The caller-side parsing is a single json.loads with a defensive
markdown-fence strip, and even that only runs occasionally. Less
code because the SDK does more of the work. That is usually a good
trade, and it is an especially good trade when the extra SDK work
is grounded, auditable, and agentic rather than magical.
What comes next
Pfula is a pilot, not a product. The next milestones, roughly in order:
- Voice input. Azure Speech recognition in both English and
isiZulu, for users who can speak more comfortably than they can
type. This is a natural pairing with the Azure Neural TTS
(
en-ZA-LeahNeural) that already ships. - A WhatsApp Business entry point. The UI simulates WhatsApp; the obvious next step is to hang the agent off an actual WhatsApp Business number so users don’t have to visit a website at all.
- An evaluation harness. There is qualitative confidence that the current build does what it should. There is no quantitative data yet. Before any claim about impact can be made honestly, there has to be a tracked set of held-out citizen queries and human-rated responses, across both languages and all seven services.
- Deployment into a real citizen context. A stage demo is not an app. The harder work — the partnership with an NGO, the consented telemetry, the moderation, the fallback to a human — is the work that turns Pfula into something that actually opens doors.
- MCP as the knowledge-base update seam. The KB currently lives as JSON files in the repo. Exposing those files as a Model Context Protocol server lets the policy team (paralegals, social workers — the people who actually understand whether the SRD threshold has changed) edit the knowledge base without a git commit and redeploy.
Closing
The architectural posture of Pfula — Foundry-native, managed-identity-first, agent-orchestrated, knowledge-base-as-tools — is the posture every small public-interest AI project should start from.

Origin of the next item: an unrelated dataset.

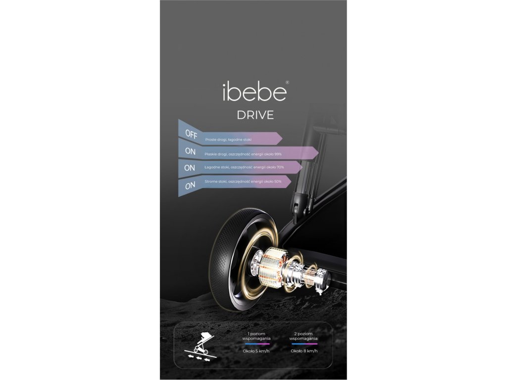 iBebe kočárek s elektronickou brzdou a asistencí jízdy Stop&Drive - Black

Managed identity instead of long-lived keys. Data residency in a region the target user recognises as local. Tools as affordances for decision-making, prompt injection only for generative context. A consolidated Microsoft estate that the MVP and funder surfaces already speak to.

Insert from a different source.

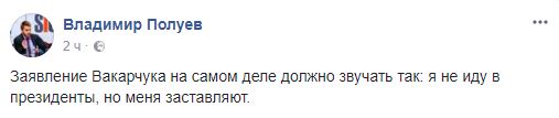"Заявление Вакарчука на самом деле должно звучать так: я не иду в президенты, но меня заставляют".

Pfula is small, it is a pilot, and it may or may not become the thing that helps the next generation of South Africans navigate the system that wasn’t designed for them. But the shape is the shape that gives it the best chance of surviving contact with the real world — and, if this post gives another builder a shortcut to that shape, it has done its job.
Pfula was demoed at Data & AI Community Day Durban: AI Unplugged on 14 March 2026. It is built on Azure AI Foundry as part of the MVP 2026 submission under AI Services (Microsoft Foundry).